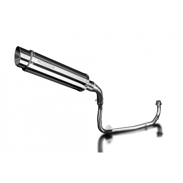 • This set includes - Delkevic down pipes, link pipe, silencer with removable baffle, strap, gasket, and clamps.
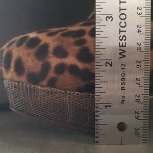 These are some of the most beautiful boots that I have seen. They are made of leather and suede with a leopard print. The platform has a reptile look wrap around it and their are reptile accents wrapped around the top of the foot and at the top of the ankle. There is a rear zipper to help with putting them on. These are made for a thinner foot and do not give to make room. The booties come in the original box from Alaia and include the protective cloth bags to keep your new boots protected when you are not wearing them.
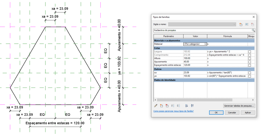 Duas famílias de blocos de fundação triangular para o Revit, versão 2019, apesar do Revit já trazer blocos triangulares, usualmente as dimensões do bloco são definidas pela dimensão da estaca até a face (diâmetro da estaca) e o espaçamento entre estacas (3*diâmetro da estaca). Com isto criei esta família onde largura e comprimento são calculados automaticamente a partir de dois parâmetros, "Apuramento" que é a distância da estaca até a face e o "Espaçamento entre estacas". Também criei uma família com cálice que é definido a partir do tamanho do pilar, e também é possível definir um deslocamento do cálice a partir do centro.

◆ ◆ ◆

Work request ▸ Whenever you reach a picture, pass over it; print all the other material exactly.

Result of the exercise ▸
 • This set includes - Delkevic down pipes, link pipe, silencer with removable baffle, strap, gasket, and clamps.
 These are some of the most beautiful boots that I have seen. They are made of leather and suede with a leopard print. The platform has a reptile look wrap around it and their are reptile accents wrapped around the top of the foot and at the top of the ankle. There is a rear zipper to help with putting them on. These are made for a thinner foot and do not give to make room. The booties come in the original box from Alaia and include the protective cloth bags to keep your new boots protected when you are not wearing them.
 Duas famílias de blocos de fundação triangular para o Revit, versão 2019, apesar do Revit já trazer blocos triangulares, usualmente as dimensões do bloco são definidas pela dimensão da estaca até a face (diâmetro da estaca) e o espaçamento entre estacas (3*diâmetro da estaca). Com isto criei esta família onde largura e comprimento são calculados automaticamente a partir de dois parâmetros, "Apuramento" que é a distância da estaca até a face e o "Espaçamento entre estacas". Também criei uma família com cálice que é definido a partir do tamanho do pilar, e também é possível definir um deslocamento do cálice a partir do centro.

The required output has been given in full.